What Is an Irrevocable Life Insurance Trust?
An irrevocable life insurance trust — commonly called an ILIT — is a trust created specifically to own one or more life insurance policies on the grantor's life. The trust is both the owner and the named beneficiary of the policy. When the insured dies, the death benefit is paid to the trust — not to the insured's estate — and then distributed to the trust's beneficiaries according to the terms the grantor set when creating the trust.
The key word is irrevocable. Once created, the trust cannot be revoked or substantially modified by the grantor. The grantor cannot reclaim the policy, cannot change who the trust benefits, and cannot retain any control over how the trust operates. This permanence is what creates the tax benefit: by genuinely giving up ownership and control, the grantor removes the death benefit from the reach of the federal estate tax.
An ILIT is a specialized irrevocable trust — not a revocable living trust, not an AB trust, not a standard bypass trust.
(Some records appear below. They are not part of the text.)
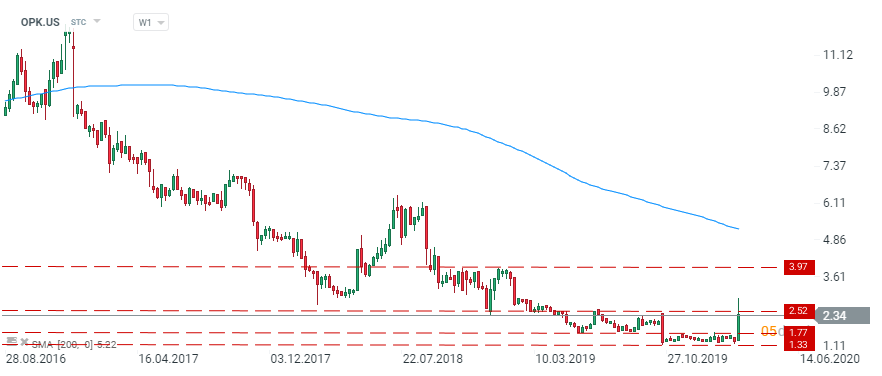 OPKO Health (OPK.US) share price is testing the upper limit of the range at $2.52 per share. If the upside bias continue then the next potential level of resistance is located at $3.97 per share. Source xStation5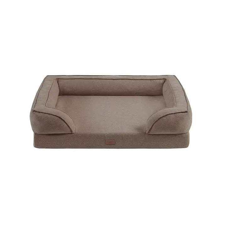 Bolstered 2-Layer Dog Bed with Gel Memory Foam, Brown
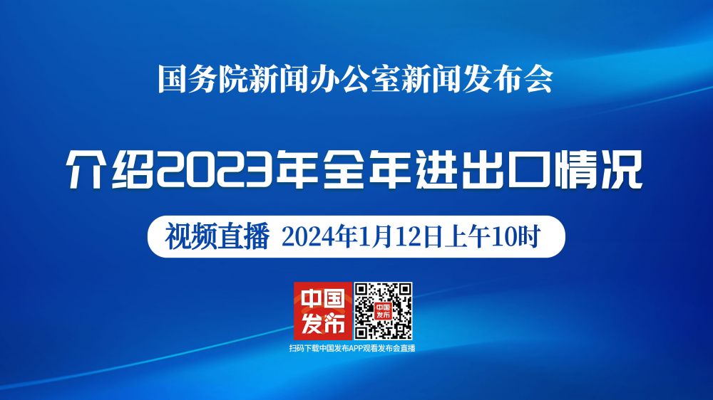国务院新闻办公室于2024年1月12日(星期五)上午10时举行新闻发布会,请海关总署副署长王令浚介绍2023年全年进出口情况,并答记者问。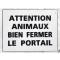 panneau "ATTENTION ANIMAUX BIEN FERMER LE PORTAIL"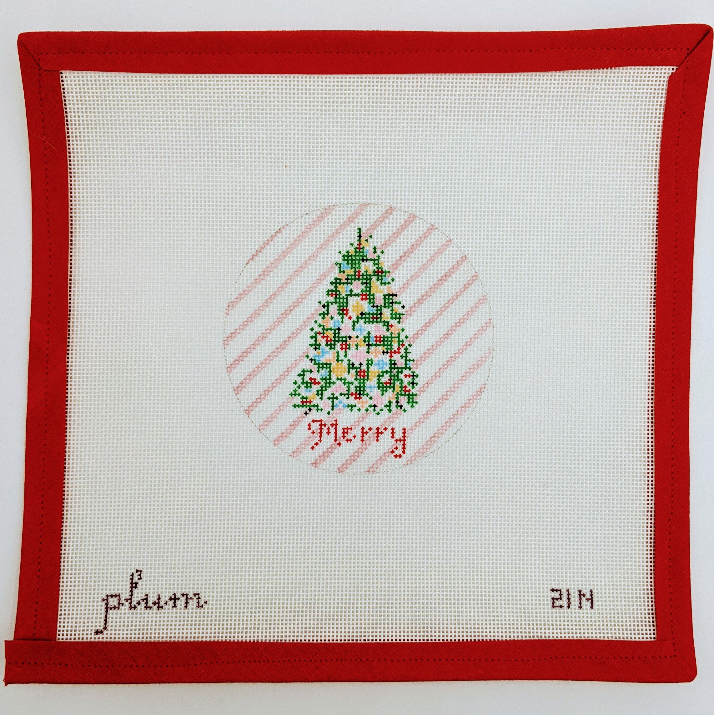 Spread holiday cheer with the Merry needlepoint canvas! This delightful design features a festive and cheerful message, making it the perfect addition to your Christmas decor. Crafted on an 18 mesh canvas and measuring 4" round, this ornament is ideal for showcasing your stitching skills while celebrating the spirit of the season. Stitch this joyful piece to hang on your tree or gift to someone special, and let the merriment begin!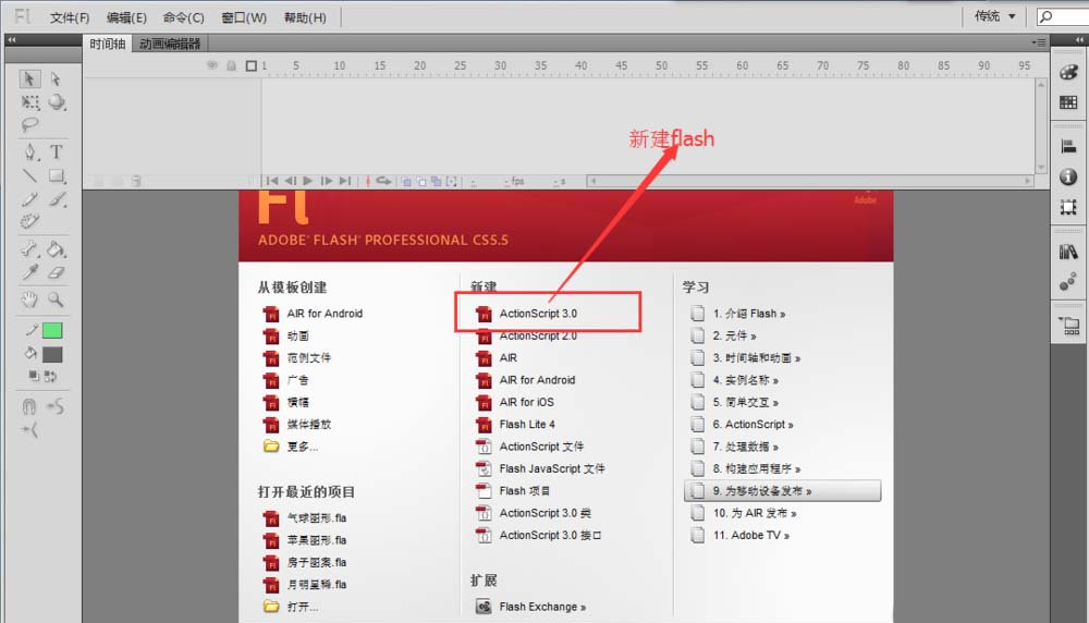 1、打开flash软件,点击新建一个flash动画项目。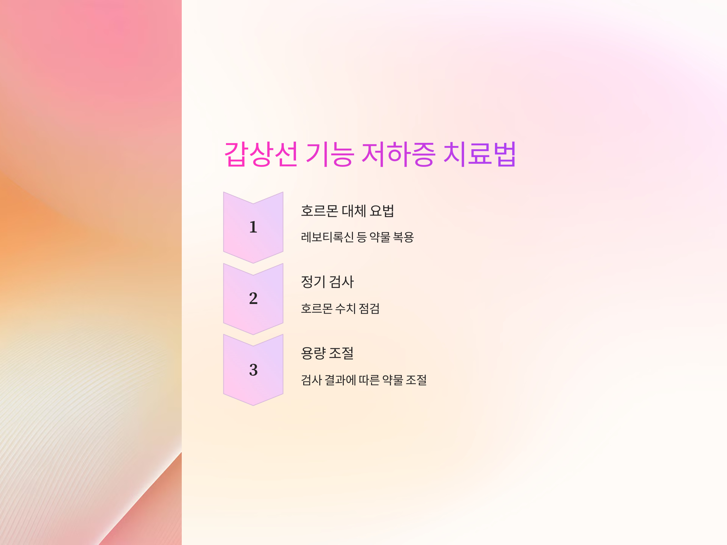 - 갑상선 기능 저하증 치료: 호르몬 보충 요법을 통해 갑상선 기능을 정상화하는 것이 치료의 핵심입니다.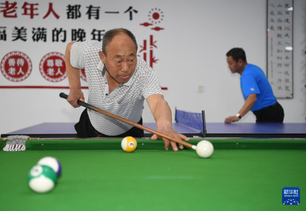 2023年4月10日,老年人在雄安新区容西第一养老驿站打台球。新华社记者 朱旭东 摄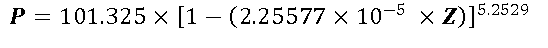 P = 101.325 – (0.00992125 * Z)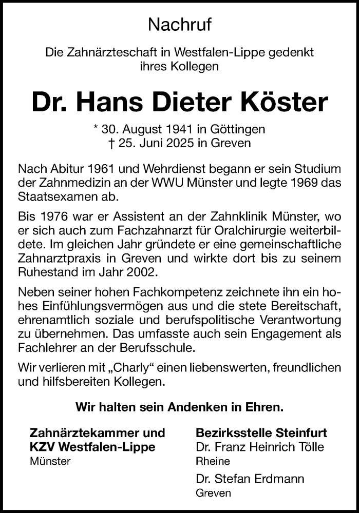 Hier finden Sie alle Traueranzeigen aus der Zeitung, die bisher für Dr. Hans Dieter Köster erschienen sind. Weitere Traueranzeigen, die in der Zeitung erscheinen, werden hier ebenfalls aufgelistet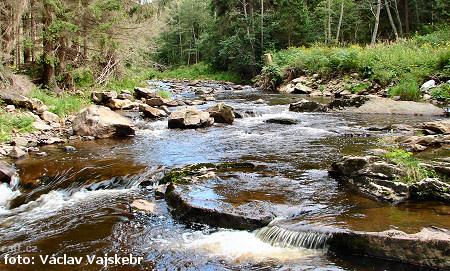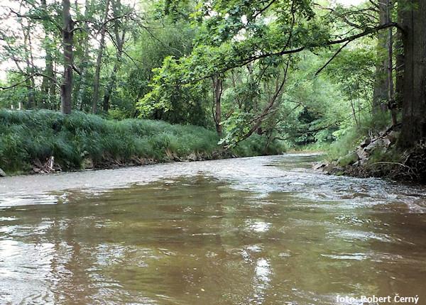 Blanice, úsek Záblatí/přehrada 8.6.2013, cca 9m3/s v Podedvorech, po povodni rozbitý jez u Zábrdskéh ...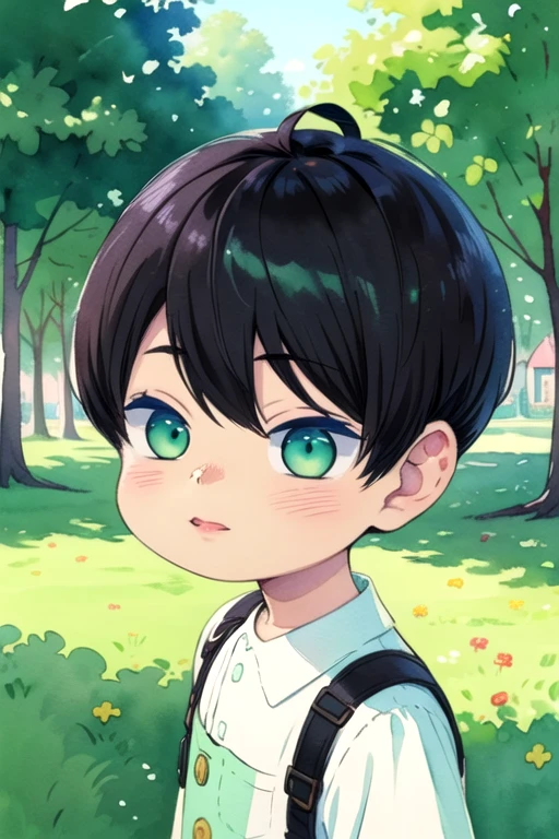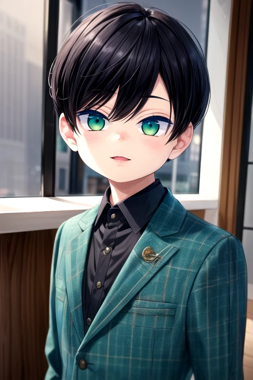 gakuto_yuzuki, black hair, green eyes, short hair, child

It is designed for one purpose: keeping life insurance proceeds outside the taxable estate while preserving the grantor's ability to direct where those proceeds ultimately go.
The Estate Tax Problem an ILIT Solves
Under Internal Revenue Code § 2042, life insurance death benefits are included in the insured's taxable estate if the insured held any "incident of ownership" in the policy at the time of death. Incidents of ownership include the right to:
- Change the beneficiary designation;
- Surrender or cancel the policy;
- Assign the policy to someone else;
- Borrow against the policy's cash value; or
- Revoke a prior assignment of the policy.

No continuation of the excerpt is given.